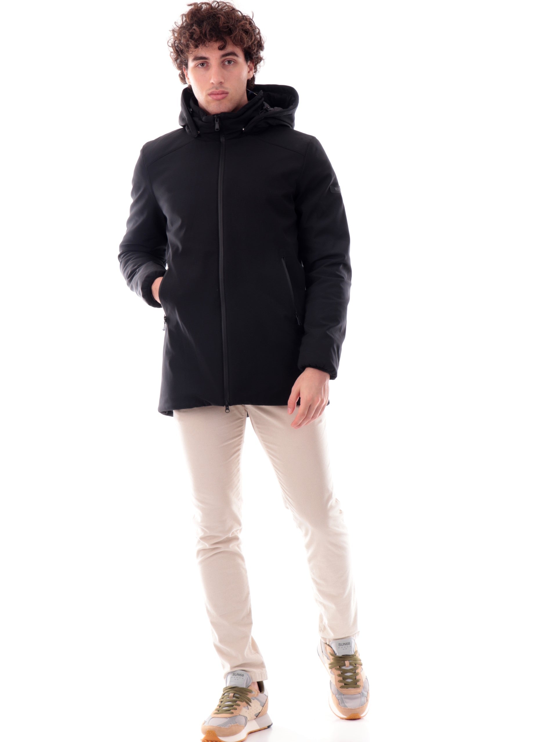 Giubbott Yes Zee nero da uomo, cappuccio e trapunta O834NM00
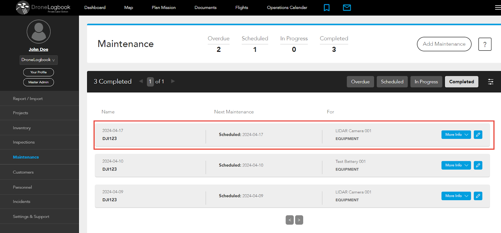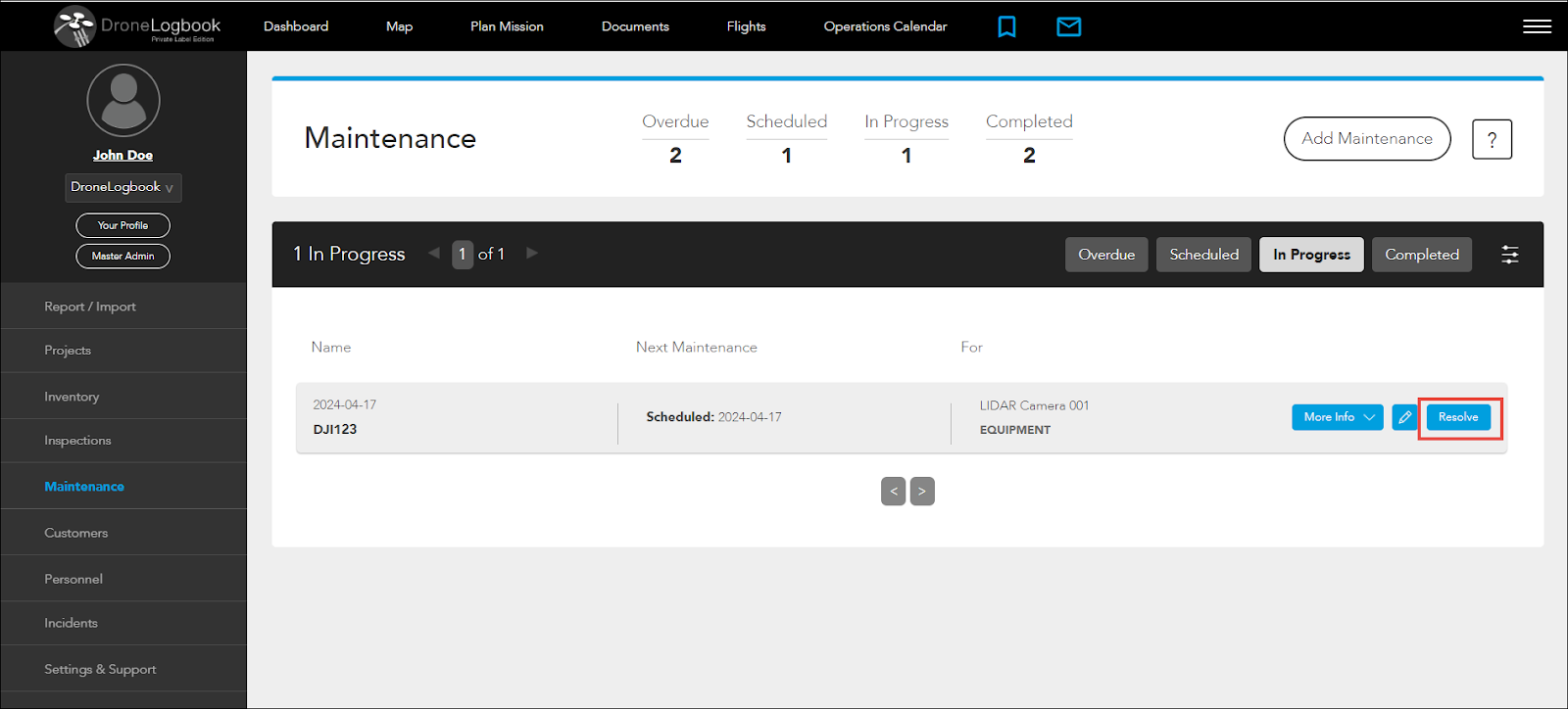 You can resolve maintenance of drones, equipments, or batteries that are scheduled or inprogress by following the steps below.
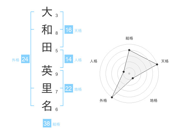 大和田 英里名さんの総格は38画の4点!
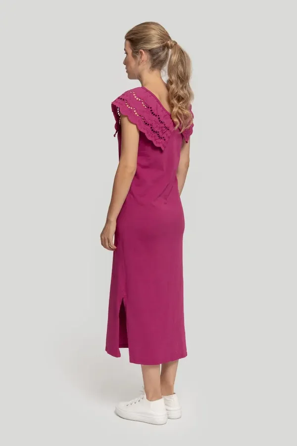 Vestido largo. Tejido ligero. Diseño básico. Diseño recto. Cuello pico. Cuello bobo. Sin mangas. Bajo con aberturas.Talla modelo: S. Altura modelo: 1,70 m.
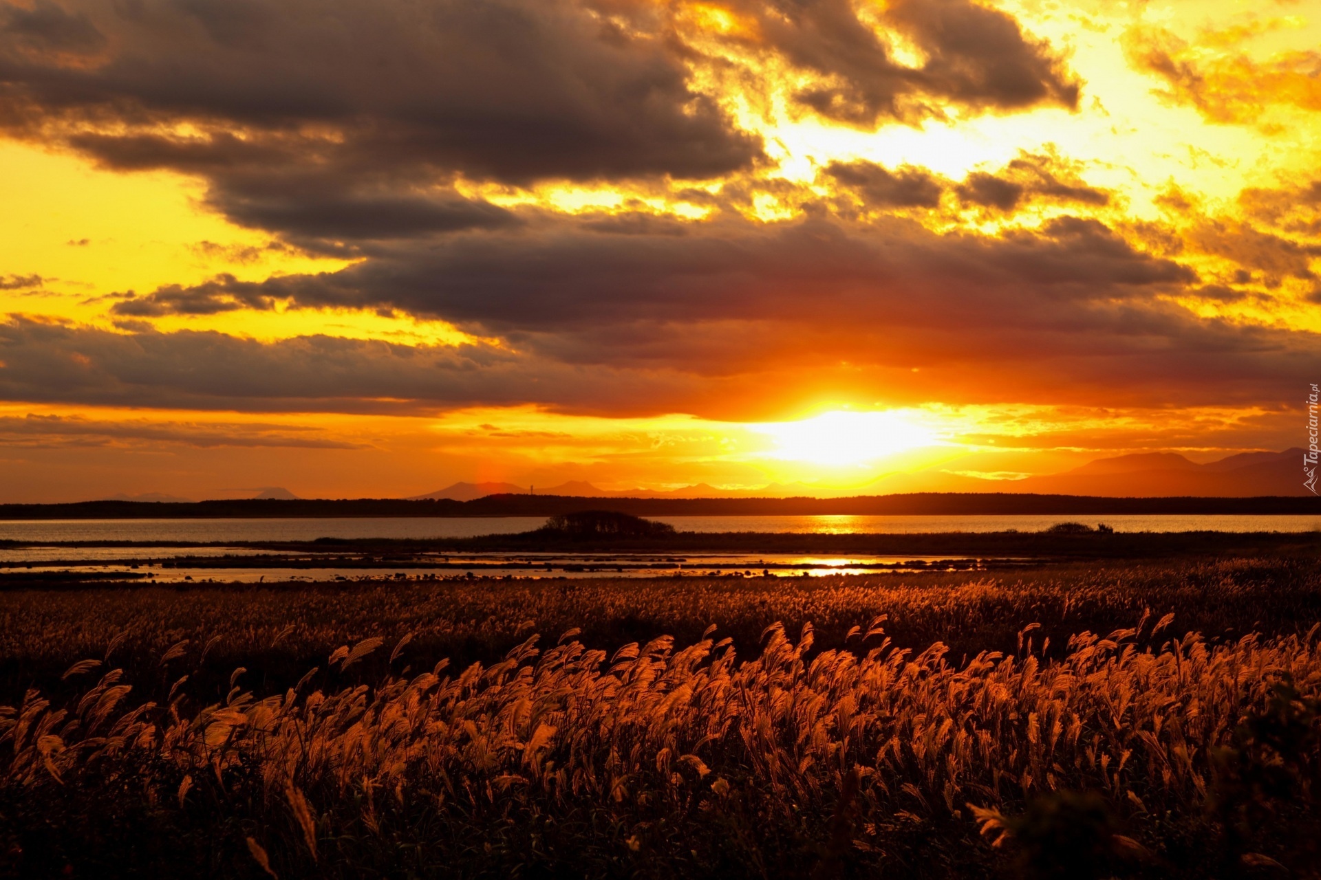 Edytor tapety: Wschód słońca, Jezioro, Chmury
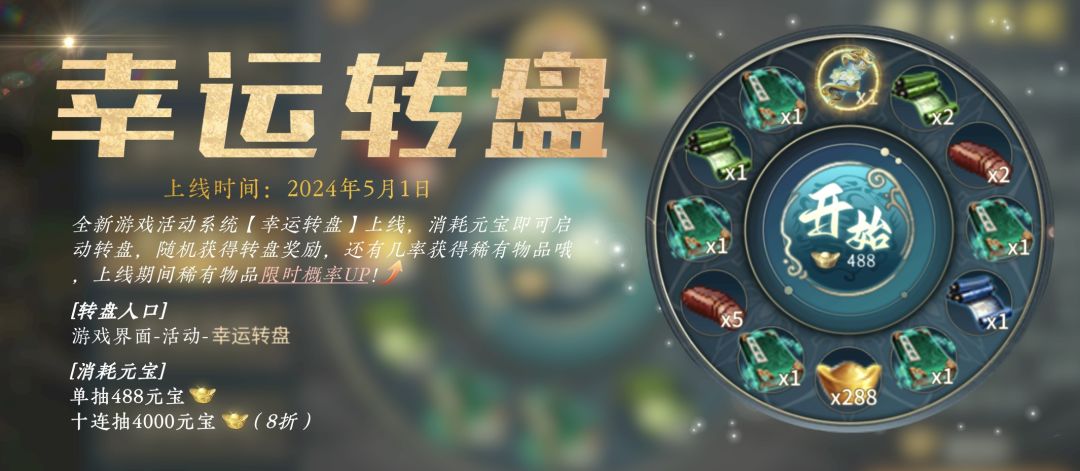 活动详情:活动期间开启限时<幸运转盘>,保底奖励为新特技书<将技·花语灵卷>,更有两轮部分道具概率限时上调,时间有限,好汉切莫错过!
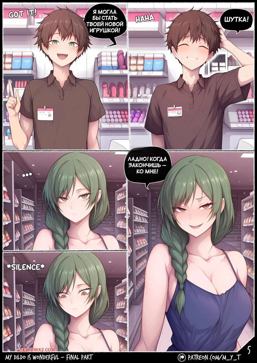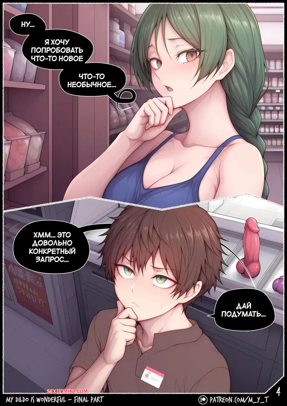 Порно комикс Мой дилдо великолепен. My Dildo Is Wonderful. Final Part. Comic Book. Горячая брюнетка пришла в сексшоп, чтобы купить себе дилдо. Она положила глаз на парня продавца и позвала его к себе, чтобы он заполнил ее пизденку своим членом, а попку с помощью дилдо.
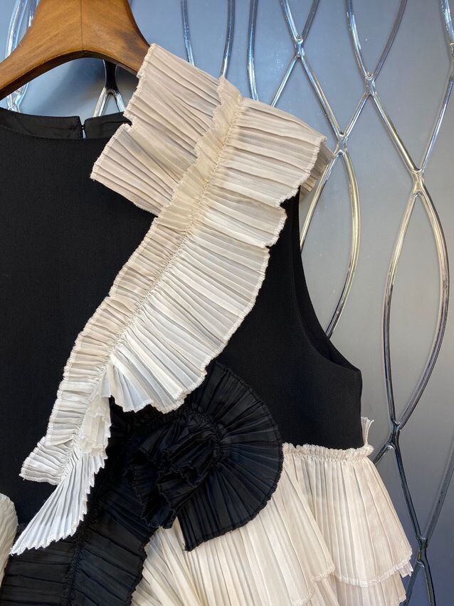 Nomikuma 3D フリルパッチワークヒットカラー不規則ブラウス夏ノースリーブトップス因果デ サマー 夏物
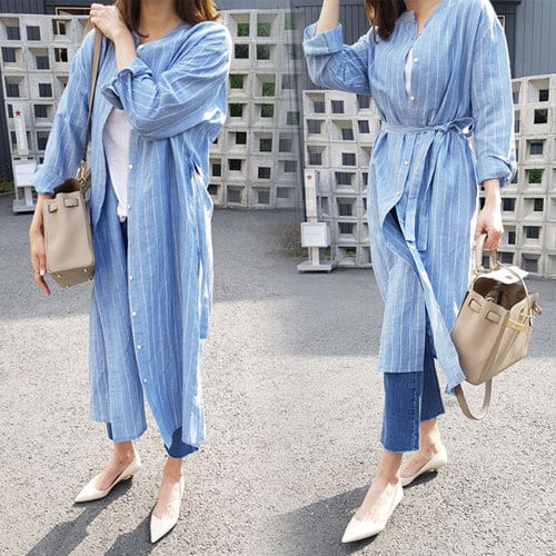 ワンピース レディース ストライプ ブルー 長袖 シャツワンピース ロング丈 着痩せ オシャレ スリーブ シャツロング 夏 20代 30代 40代 くすみカラー RB-R3-04-SA04-0082

########

TASK GOAL ->
Print exactly the lines from the line with "Edytor tapety: Wschód" through the end of the data, both ends included, and print no pictures.

PROBLEM SOLUTION ->
 Edytor tapety: Wschód słońca, Jezioro, Chmury
 活动详情:活动期间开启限时<幸运转盘>,保底奖励为新特技书<将技·花语灵卷>,更有两轮部分道具概率限时上调,时间有限,好汉切莫错过!
 Порно комикс Мой дилдо великолепен. My Dildo Is Wonderful. Final Part. Comic Book. Горячая брюнетка пришла в сексшоп, чтобы купить себе дилдо. Она положила глаз на парня продавца и позвала его к себе, чтобы он заполнил ее пизденку своим членом, а попку с помощью дилдо.
 Nomikuma 3D フリルパッチワークヒットカラー不規則ブラウス夏ノースリーブトップス因果デ サマー 夏物
 ワンピース レディース ストライプ ブルー 長袖 シャツワンピース ロング丈 着痩せ オシャレ スリーブ シャツロング 夏 20代 30代 40代 くすみカラー RB-R3-04-SA04-0082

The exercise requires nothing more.